Tonight there will be a vote on this issue. The member for Acadie—Bathurst has a private member's bill on EI reform which will be voted on tonight. Liberal members of parliament will have to stand to say whether they agree with this absolute cash cow that is the EI fund, and they will be counted. The public will notice them and they will pay a political price for voting against EI reform. We know where the money came from that gave this budget its surplus. It came out of the pockets of working people. It came out of the benefits that should have been paid to unemployed people in this country.
The whole issue of tax reform is a necessary debate. As I said, it is nothing against NDP policy to talk about true tax reform. It is frustrating to some of us that some would deny the fact that the NDP is concerned about tax fairness. We are very concerned about it. We believe that the tax system is one of the great economic instruments we have to redistribute wealth.
I can give an example of what a difference fair taxation can make. I can give the House the state of the nation in terms of the way we use taxation in the country to try to make a more equitable society.
If we look at the distribution of market income in 1997, the ratio of the top fifth income earners to the bottom fifth is 24:1. That is grotesquely unfair. The ratio is 24:1 of the top fifth income earners to the bottom fifth income earners. After taxes and transfers, that ratio falls to 8:1. It is still obscene by anybody's standards, but a huge improvement.
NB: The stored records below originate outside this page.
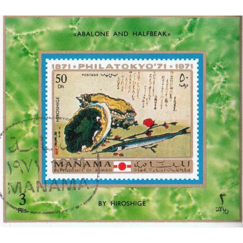 مینی شیت ماهیها- با مهر CTO - پست هوائی - منامه 1971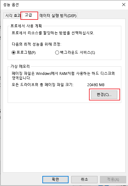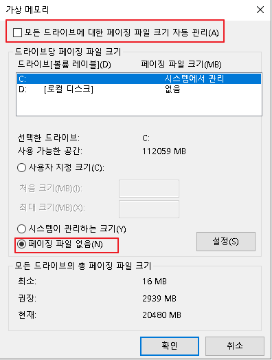 모든 드라이브에 대한 페이징 파일 크기 자동 관리가 체크 되어있는데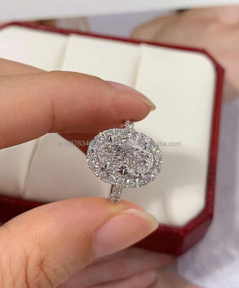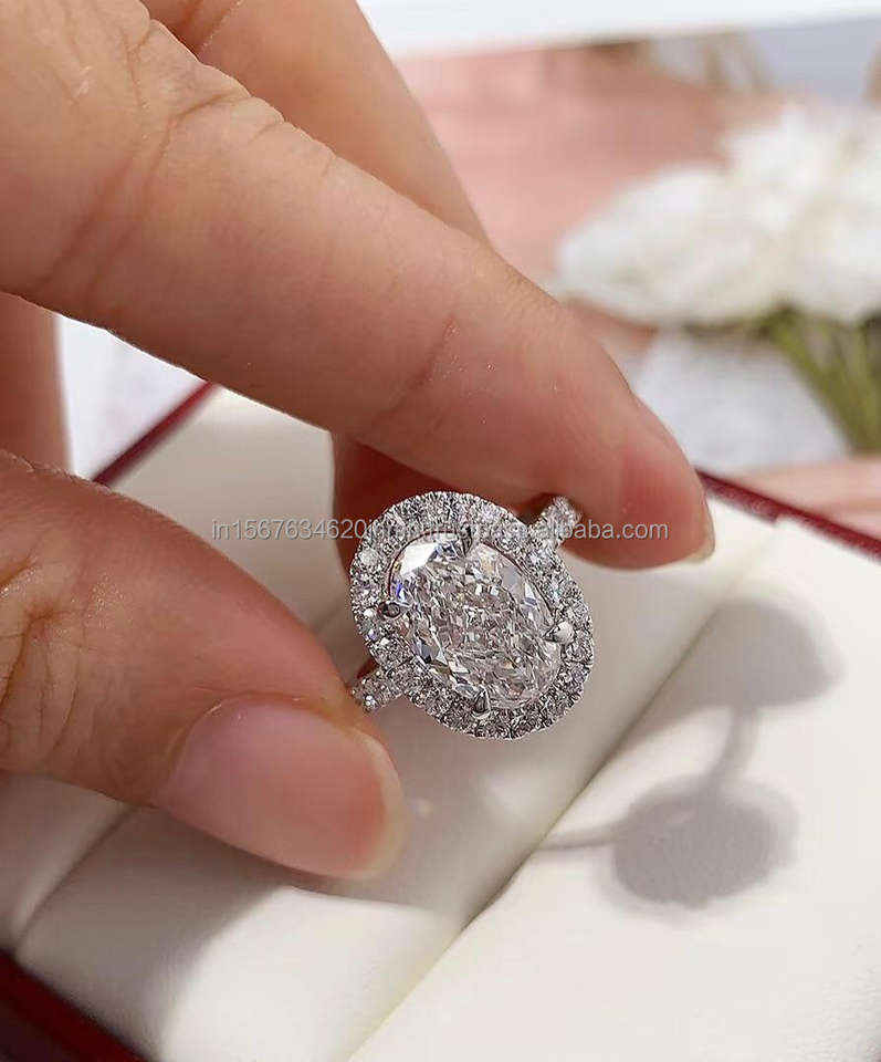 Bague de fiançailles de luxe en or blanc avec diamant ovale de laboratoire et halo de diamants, bague de mariage ovale en or blanc avec diamants ronds sur les côtés pour femme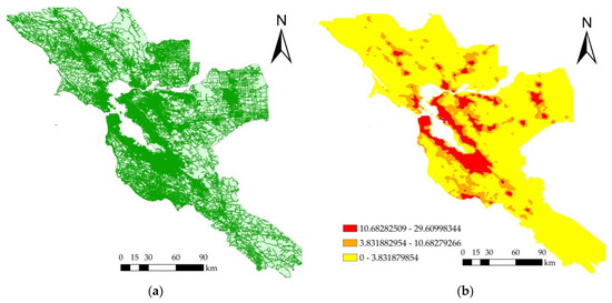 Kernel density analysis: (a) San Francisco Bay region road network; (b) Results of kernel density analysis.

If we factor in the value of public services, which we equally enjoy and do not have to dig into our pockets to purchase, the ratio of income in equity falls to less than 4:1. Starting out at 24:1, we now have it down to 4:1. Some would still say that is fundamentally wrong, that we should be a lot more equitable than that. We believe that changes should be made in that direction.
It points out how the tax system can be used as an instrument for economic fairness, justice and equality. Yet we have chosen to go in the opposite direction. The changes in the current budget take us further in the opposite direction; not toward tax fairness, but growing the inequality between rich and poor. We have been sold a bill of goods that has told us it is necessary to let the wealthy keep more of their money and ignore the situation of the lowest fifth of the economic scale.
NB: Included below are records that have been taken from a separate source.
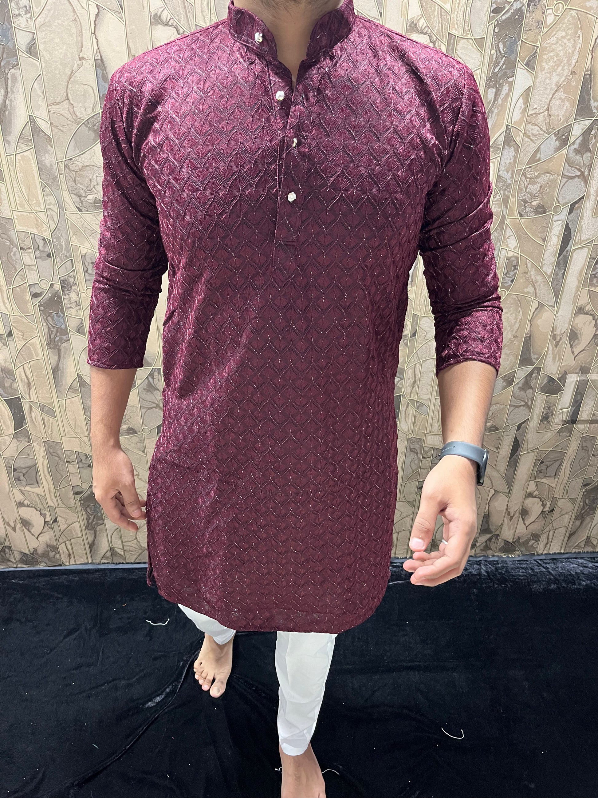 Men’s Maroon Kurta – Full Front & Back Embroidery with W-Pattern for Wedding & Festive Wear A37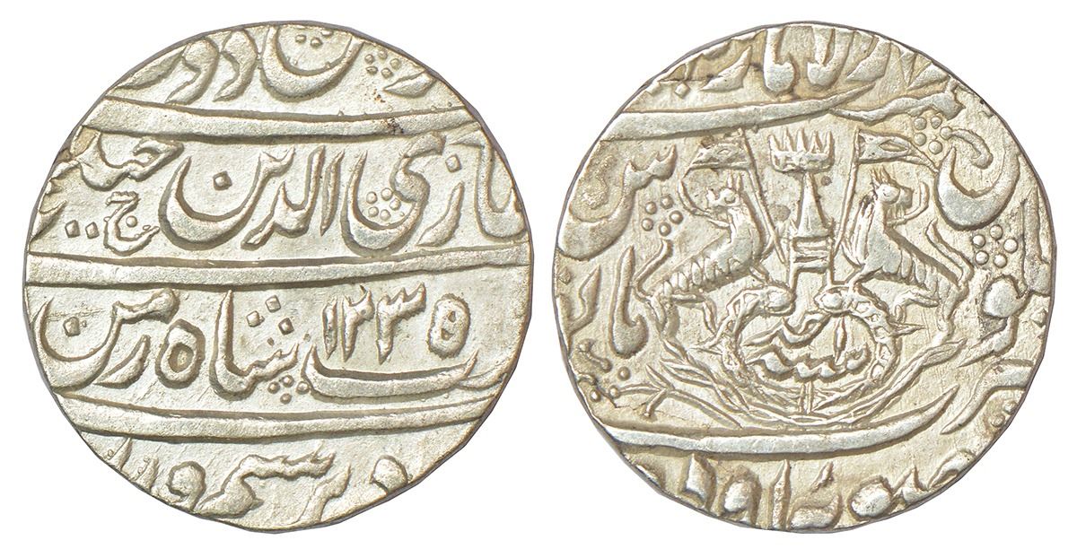 Awadh, Ghazi ud-Din Haidar (1819-1827 AD), silver rupee, Lakhnau mint, AH 1235/RY Ahd, KM 165.1; M&D 7.22, 10.97g.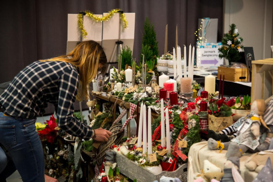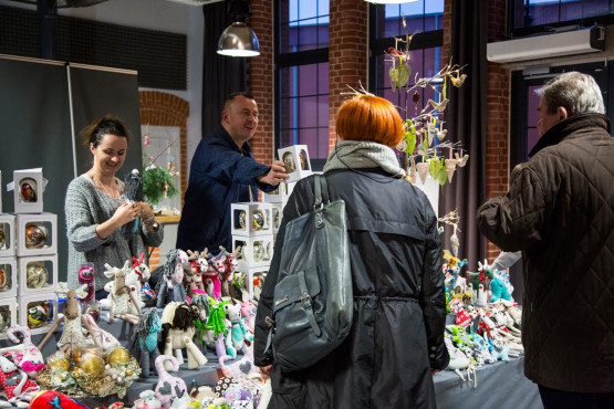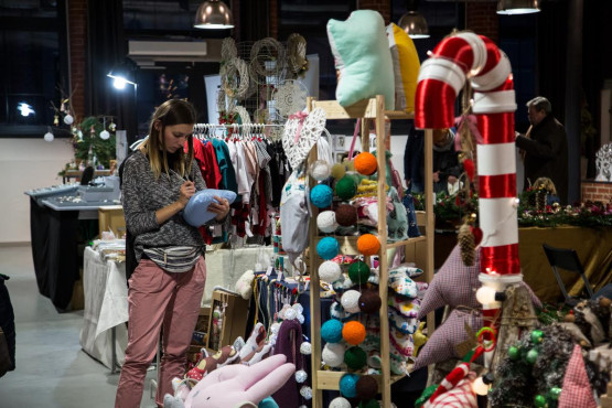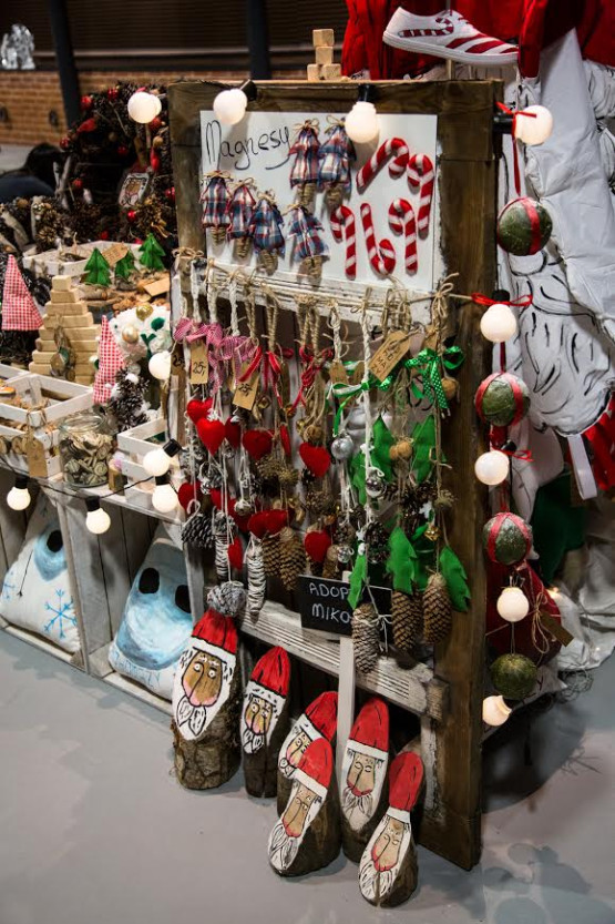 W każdym z tych miejsc stoiska uginają się od rękodzieła i bożonarodzeniowych ozdób. Można przebierać w świątecznych stroikach, ozdobnych miniaturowych choinkach, bożonarodzeniowych dekoracjach z naturalnych dodatków, autorskiej biżuterii, ręcznie szytych maskotkach (nie tylko tradycyjnych misiach, ale też kotach, dinozaurach czy kucykach z dredami). Wzrok przyciągają rzędy Mikołajów zrobionych z kawałków brzozy.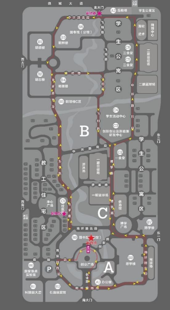 跑步路線:環(huán)校公路共6.6公里。路線串聯(lián)校園內(nèi)多個重要地標和景點,讓參賽者在奔跑中感受學校的歷史底蘊和文化魅力。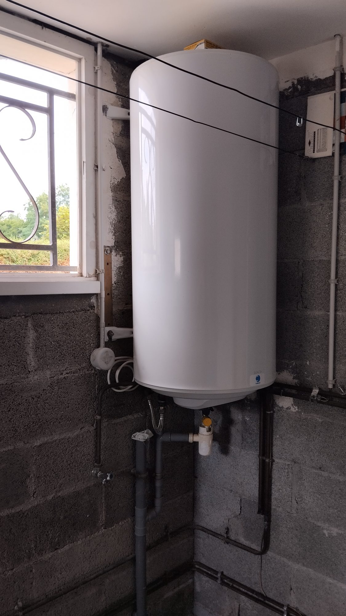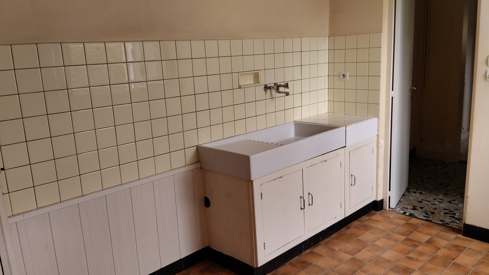 Au rez-de-chaussée : une cuisine, un séjour carrelé (avec conduit de cheminée), un dégagement, une salle d'eau (sèche-serviette), wc, une chaufferie à la suite.

It is a very cynical point of view, and the same is true in American politics, but there is no point in targeting a political message or an economic policy to people in the bottom fifth of the economic social scale because they do not vote. They are so marginalized and disenfranchised that they do not vote at election time. Why would government waste its largesse on 20% of the population which, frankly, would not vote for it anyway? They have given up on the electoral system as a vehicle or a means by which to improve themselves.
That might sound cynical, but I accuse the government of having gone through that thought process, in the same way the Americans have in their political system, that there is no sense in wasting messaging on people who really need it because they are so disenfranchised and marginalized they do not vote.
I want to voice our strong opposition to Bill C-24. It takes us further away from the idea of tax fairness. It will accentuate and augment the inequalities in our tax system and further institutionalize those inequalities for another couple of years until we can do something to convince the government to take steps otherwise.